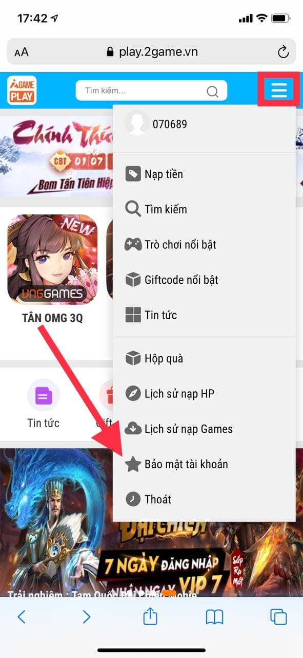 Sau khi đăng nhập, click vào tên tài khoản ở giao diện thông tin tài khoản, các bạn hãy chọn vào BẢO MẬT TÀI KHOẢN
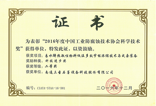 三圣石墨的“易水解熱敏性物料低溫多效節(jié)能濃縮技術(shù)與裝備”獲得中國工業(yè)防腐蝕技術(shù)協(xié)會頒發(fā)的科技進(jìn)步二等獎。此次評獎一等獎空缺,我公司獲得的獎項為石墨設(shè)備行業(yè)唯一的一個二等獎。
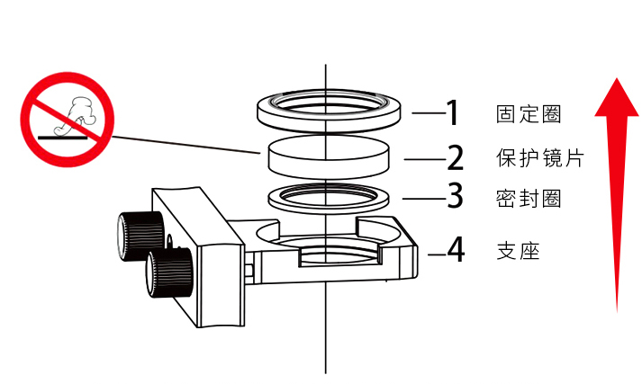2、放入1固定圈,要注意檢查3密封圈是否在保護鏡片下面。
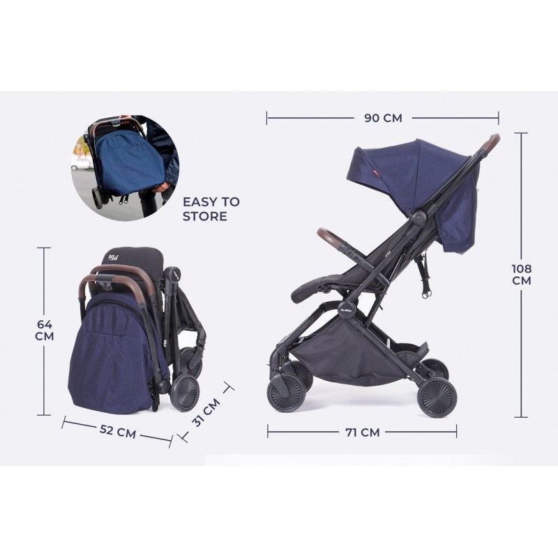 - Poussette ouverte : 105 x 51.5 x 72 cm
++++++++
The whole listing is to be written out exactly; the pictures stay out of the copy.

 Sau khi đăng nhập, click vào tên tài khoản ở giao diện thông tin tài khoản, các bạn hãy chọn vào BẢO MẬT TÀI KHOẢN
 三圣石墨的“易水解熱敏性物料低溫多效節(jié)能濃縮技術(shù)與裝備”獲得中國工業(yè)防腐蝕技術(shù)協(xié)會頒發(fā)的科技進(jìn)步二等獎。此次評獎一等獎空缺,我公司獲得的獎項為石墨設(shè)備行業(yè)唯一的一個二等獎。
2、放入1固定圈,要注意檢查3密封圈是否在保護鏡片下面。
 - Poussette ouverte : 105 x 51.5 x 72 cm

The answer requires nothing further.